Ex-Test Pilot, Bold and Quirky, Pursues a Costly Love
By Jenna Johnson
Washington Post Staff Writer
Wednesday, January 2, 2008; Page B01
St. Mary's County Regional Airport is home to a fleet of single-engine Cessnas, many of them owned by amateur pilots and parked in tidy rows just off the runway. But in a hangar at the edge of the grounds sits a Harrier, a hulking jet that takes off and lands vertically, cruises at speeds in excess of 600 mph and is similar to the Marines' primary attack aircraft.
That is Art Nalls's plane.
Nalls, a 53-year-old former Marine test pilot who made a fortune in real estate, has turned flying into an extraordinarily expensive hobby. He believes that his newest acquisition -- the Harry, as he calls it -- is the world's only privately owned, flyable Harrier. Although Nalls wouldn't say how much he paid for the plane, he said fuel alone costs about $75 for every minute in the air.

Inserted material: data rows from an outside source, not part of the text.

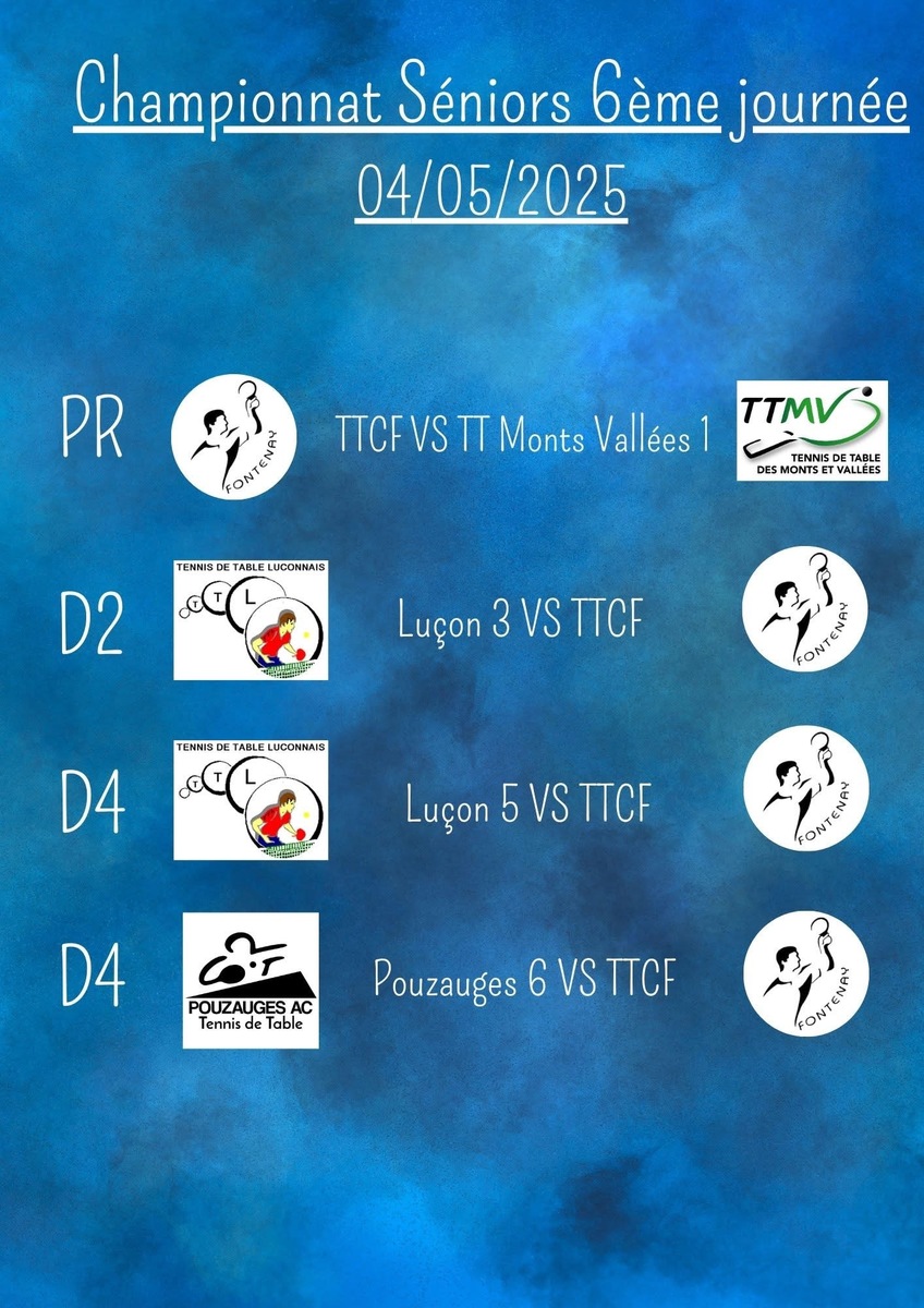 Annonce de la 6ème Journée de Championnat : Dimanche 4 Mai, 2 de nos 4 équipes joueront le match de la montée. Cela concerne la PR qui recevra TT Monts et Vallées à 14h30 et la D4 (5) se déplacera à Pouzauges !!! Notre D2 et la D4 (4) se rendront à Luçon pour essayer de ramener un bon résultat. Le maintien est assuré pour ces 2 équipes. Notre R3 jouera que le 18 Mai. Venez nombreux encourager notre équipe 2 à domicile !!!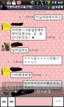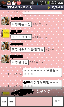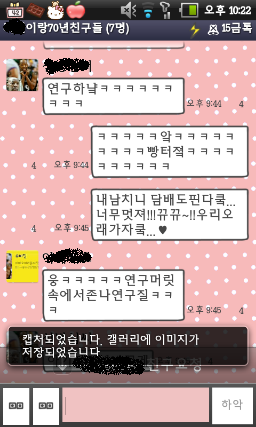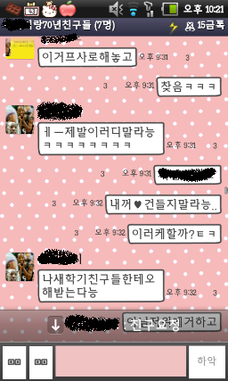 그냥 애들이끼리 카톡을 주고 받다가 너무 시무시무한 글쓴이와 그렇고 그런사이인 친구들(이라고해봤자 같이한건 두명바께 음슴)과 카톡한게 너무 웃겨서 그냥 추억거리 삼고자 글을 올리게됫었음ㅋㅋㅋㅋㅋㅋㅋㅋㅋㅋㅋㅋㅋㅋㅋㅋㅋㅋㅋㅋㅋㅋㅋㅋㅋㅋㅋㅋ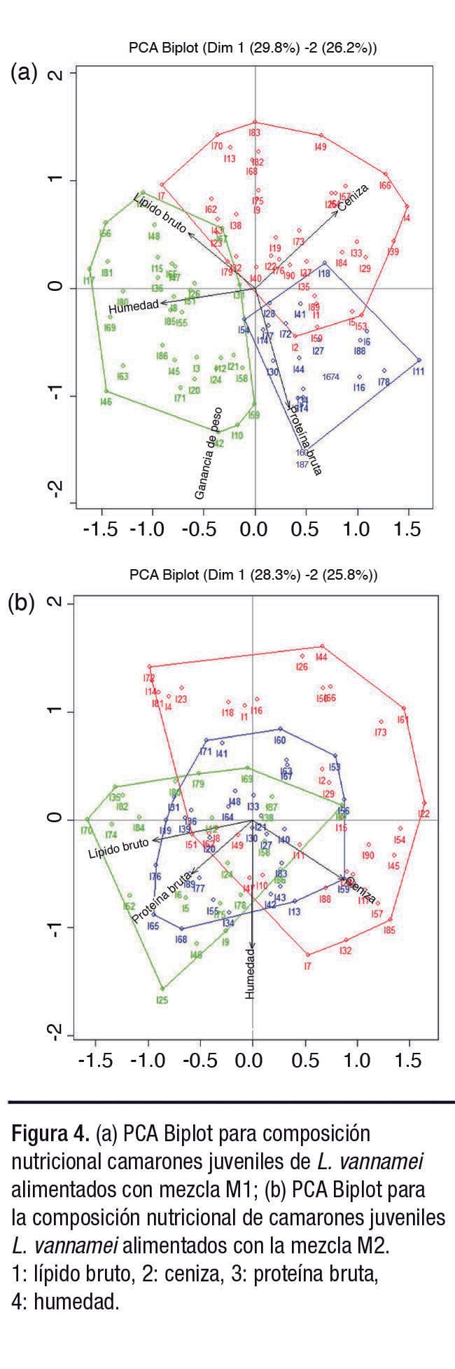 Se observaron en el gráfico (a) diferencias importantes entre los agrupamientos. El Grupo 1 (color verde) indica la presencia de 35 camarones juveniles L. vannamei alimentados con la mezcla M1 con mayor relación de humedad y lípido bruto, mientras que el Grupo 2 (color rojo) indica la presencia de 36 camarones juveniles L. vannamei alimentados con mezcla M1 con mayor relación para cenizas y el Grupo 3 (color azul) indica la presencia de 19 camarones juveniles L. vannamei alimentados con mezcla M1 con mayor relación para la proteína bruta.

But in jets, Nalls says he has found a fountain of youth.
"When I am up there, it's just like I'm 25 again," he said.
He and his planes are regular topics of conversation at the small airport in Southern Maryland, a stomping ground for retired military pilots, some of whom trained at the nearby Patuxent River Naval Air Station, one of only two military test pilot schools in the country.
On a recent morning, in a lounge facing the runway, pilots swapped stories about Nalls's latest adventure: Problems with the Harry's hydraulic system forced an emergency landing at the military base in November, on its second flight. Since he couldn't fly it back, Nalls had the jet hooked to a pickup truck and towed nearly eight miles to the airport, escorted by a half-dozen police cars. He sat in the cockpit, dressed as Santa Claus.
"Ho! Ho! Ho!" Nalls bellowed, waving at truckers and other motorists as the jet limped along Route 235, narrowly missing traffic lights and straddling a median as it turned onto Airport Road.
Such antics explain why Nalls has earned a reputation as a cowboy, a millionaire fond of indulging idiosyncratic interests. In the 1970s, he held a Guinness record for building and riding the world's smallest rideable bicycle, which was less than five inches tall.